On March 8, Nellis Air Force Base officially closed the public comment period on its draft environmental impact statement for proposed land withdrawal to enable an expansion of the Nevada Test and Training Range (NTTR).

Input deemed substantive will be included and addressed in the final environmental impact statement, slated for release in September.

At the March 5 meeting of the Lincoln County Regional Development Authority (LCRDA), members approved sending a letter to the Air Force expressing their opposition to Alternative 3C, the supposedly preferred alternative, which would impact access to approximately 155,000 acres of Lincoln County land that is currently used for recreation.

LCRDA executive director Jeff Fontaine noted the letter is similar to the one submitted earlier by the Board of County Commissioners, but noted the LCRDA letter did not address the Air Force’s other proposed alternatives and states there are no projections on the economic impacts in the EIS.
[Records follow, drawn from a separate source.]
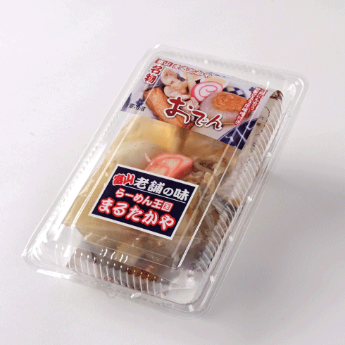 【おでん】 牛すじ、 大根、玉子、ごぼ天、 赤かま、 すすたけ、こんにゃく、醤油(国内製造)、昆布、煮干、鰹節、鯖節、食塩、砂糖、酒、みりん、唐辛子/調味料(アミノ酸等)、酸味料、ビタミンB1、 甘味料(ステビア) 加工澱粉、保存料(ソルビン酸)、着色料(赤3 アナトー)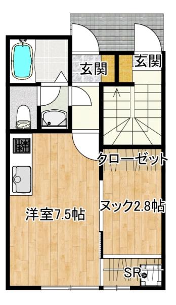 間取り:1KS(洋室7.5畳・ヌック2.8畳)※2Fは1畳の物入スペース有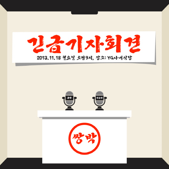 이미지에는 큰박, 작은박의 마이크와 '쌍박' 마크가 그려진 단상의 이미지도 함께 놓여있어 그럴듯한 분위기를 자아내고 있다.

A series of public meetings was held by the Air Force to present their proposals for land withdrawals which would involve 301,507 acres. Several alternatives were also put forth at the meetings. The Air Force seems to be in favor of Alternative 3C which would involve withdrawal of 227,000 acres from south of Lower Pahranagat Lake down through Clark County.
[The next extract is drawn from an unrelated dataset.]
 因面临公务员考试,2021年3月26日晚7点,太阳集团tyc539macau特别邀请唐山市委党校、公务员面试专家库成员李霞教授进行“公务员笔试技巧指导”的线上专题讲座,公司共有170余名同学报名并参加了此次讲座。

However, Alternative 3C would, in effect, close off two-thirds of the public access to the Desert National Wildlife Refuge, as well as other parts of Pine Creek Road, Saddle Mountain, Cabin Springs, White Rock, Sheep Pass, the sand dunes at Dry Lake Springs, Rug Mountain, Alamo Road, and Corn Creek.

County commissioners had planned to discuss a resolution they want to submit regarding the NTTR land withdrawal at the March 5 meeting, but tabled the item due to the absence of Commissioner Varlin Higbee, who represents the Board to the Nellis Air Base.

After the public comments are reviewed, the draft will be presented to the U.S. Congress, which has the final say on the expansion. Congress may take up the matter as early as next year, following a review by the Interior Department.

The military needs lawmakers to act before 2021, when the current land withdrawal for NTTR is set to expire.